Give again, word for word, the lines below that run from the line with "Tlsdosp Retro Handheld" through the line with "Indulge in the". Drop the pictures.

_Raw data_
______________________________

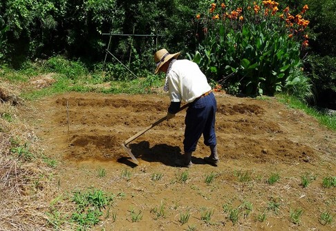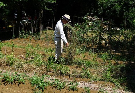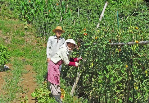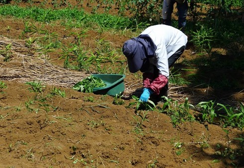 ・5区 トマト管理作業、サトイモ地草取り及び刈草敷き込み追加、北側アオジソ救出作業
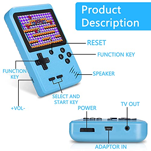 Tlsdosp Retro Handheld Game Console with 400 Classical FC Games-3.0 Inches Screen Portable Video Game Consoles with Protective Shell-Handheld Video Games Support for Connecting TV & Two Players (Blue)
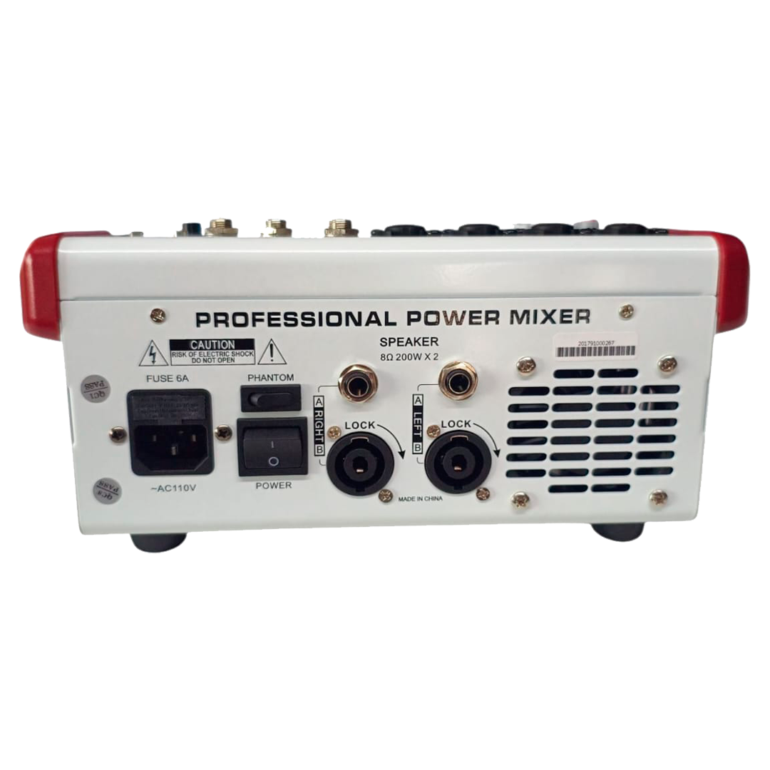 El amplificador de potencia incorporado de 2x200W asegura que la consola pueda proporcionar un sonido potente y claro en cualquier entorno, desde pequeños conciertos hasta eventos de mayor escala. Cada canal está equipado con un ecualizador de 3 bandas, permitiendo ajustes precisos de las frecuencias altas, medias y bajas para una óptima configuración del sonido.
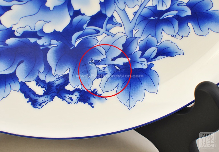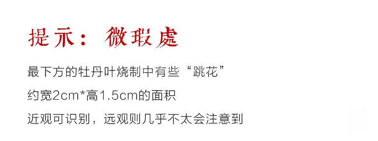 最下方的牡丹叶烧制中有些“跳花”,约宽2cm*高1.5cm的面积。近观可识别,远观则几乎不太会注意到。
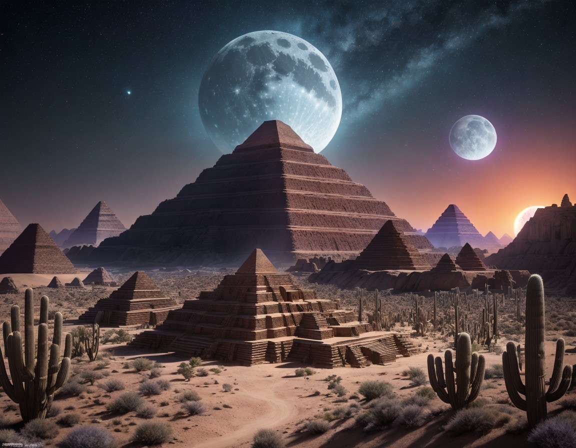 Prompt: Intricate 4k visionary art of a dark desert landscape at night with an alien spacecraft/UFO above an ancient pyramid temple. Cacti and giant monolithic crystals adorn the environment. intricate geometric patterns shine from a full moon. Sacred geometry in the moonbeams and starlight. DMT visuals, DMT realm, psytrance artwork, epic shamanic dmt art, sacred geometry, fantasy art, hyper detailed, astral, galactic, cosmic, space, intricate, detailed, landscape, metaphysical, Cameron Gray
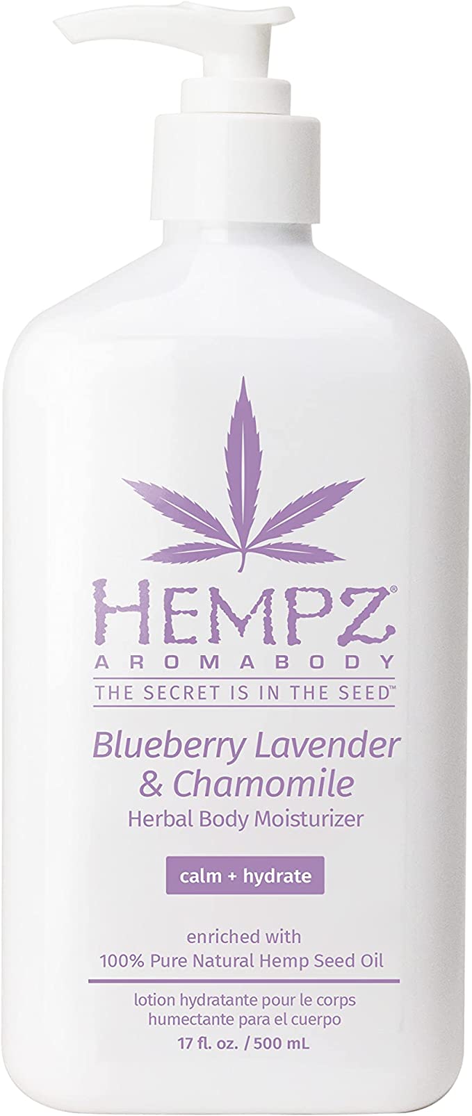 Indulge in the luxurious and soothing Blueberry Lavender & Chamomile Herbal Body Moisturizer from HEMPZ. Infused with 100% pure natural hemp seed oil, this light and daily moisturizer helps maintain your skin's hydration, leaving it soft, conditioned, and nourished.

______________________________

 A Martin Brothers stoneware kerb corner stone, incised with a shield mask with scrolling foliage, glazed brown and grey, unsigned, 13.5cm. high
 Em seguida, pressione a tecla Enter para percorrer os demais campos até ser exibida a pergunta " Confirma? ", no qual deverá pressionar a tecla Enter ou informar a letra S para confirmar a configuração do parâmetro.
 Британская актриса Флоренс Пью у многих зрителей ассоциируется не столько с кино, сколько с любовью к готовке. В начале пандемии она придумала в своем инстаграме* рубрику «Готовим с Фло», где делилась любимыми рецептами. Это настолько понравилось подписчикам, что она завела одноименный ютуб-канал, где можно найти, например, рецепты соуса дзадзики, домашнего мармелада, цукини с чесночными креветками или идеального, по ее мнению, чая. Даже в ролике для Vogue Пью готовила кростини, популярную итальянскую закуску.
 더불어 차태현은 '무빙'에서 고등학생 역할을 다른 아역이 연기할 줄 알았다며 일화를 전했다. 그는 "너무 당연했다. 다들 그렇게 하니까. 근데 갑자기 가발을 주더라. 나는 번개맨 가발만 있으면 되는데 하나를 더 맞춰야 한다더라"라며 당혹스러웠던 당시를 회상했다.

______________________________

_Solved exercise_
 Tlsdosp Retro Handheld Game Console with 400 Classical FC Games-3.0 Inches Screen Portable Video Game Consoles with Protective Shell-Handheld Video Games Support for Connecting TV & Two Players (Blue)
 El amplificador de potencia incorporado de 2x200W asegura que la consola pueda proporcionar un sonido potente y claro en cualquier entorno, desde pequeños conciertos hasta eventos de mayor escala. Cada canal está equipado con un ecualizador de 3 bandas, permitiendo ajustes precisos de las frecuencias altas, medias y bajas para una óptima configuración del sonido.
 最下方的牡丹叶烧制中有些“跳花”,约宽2cm*高1.5cm的面积。近观可识别,远观则几乎不太会注意到。
 Prompt: Intricate 4k visionary art of a dark desert landscape at night with an alien spacecraft/UFO above an ancient pyramid temple. Cacti and giant monolithic crystals adorn the environment. intricate geometric patterns shine from a full moon. Sacred geometry in the moonbeams and starlight. DMT visuals, DMT realm, psytrance artwork, epic shamanic dmt art, sacred geometry, fantasy art, hyper detailed, astral, galactic, cosmic, space, intricate, detailed, landscape, metaphysical, Cameron Gray
 Indulge in the luxurious and soothing Blueberry Lavender & Chamomile Herbal Body Moisturizer from HEMPZ. Infused with 100% pure natural hemp seed oil, this light and daily moisturizer helps maintain your skin's hydration, leaving it soft, conditioned, and nourished.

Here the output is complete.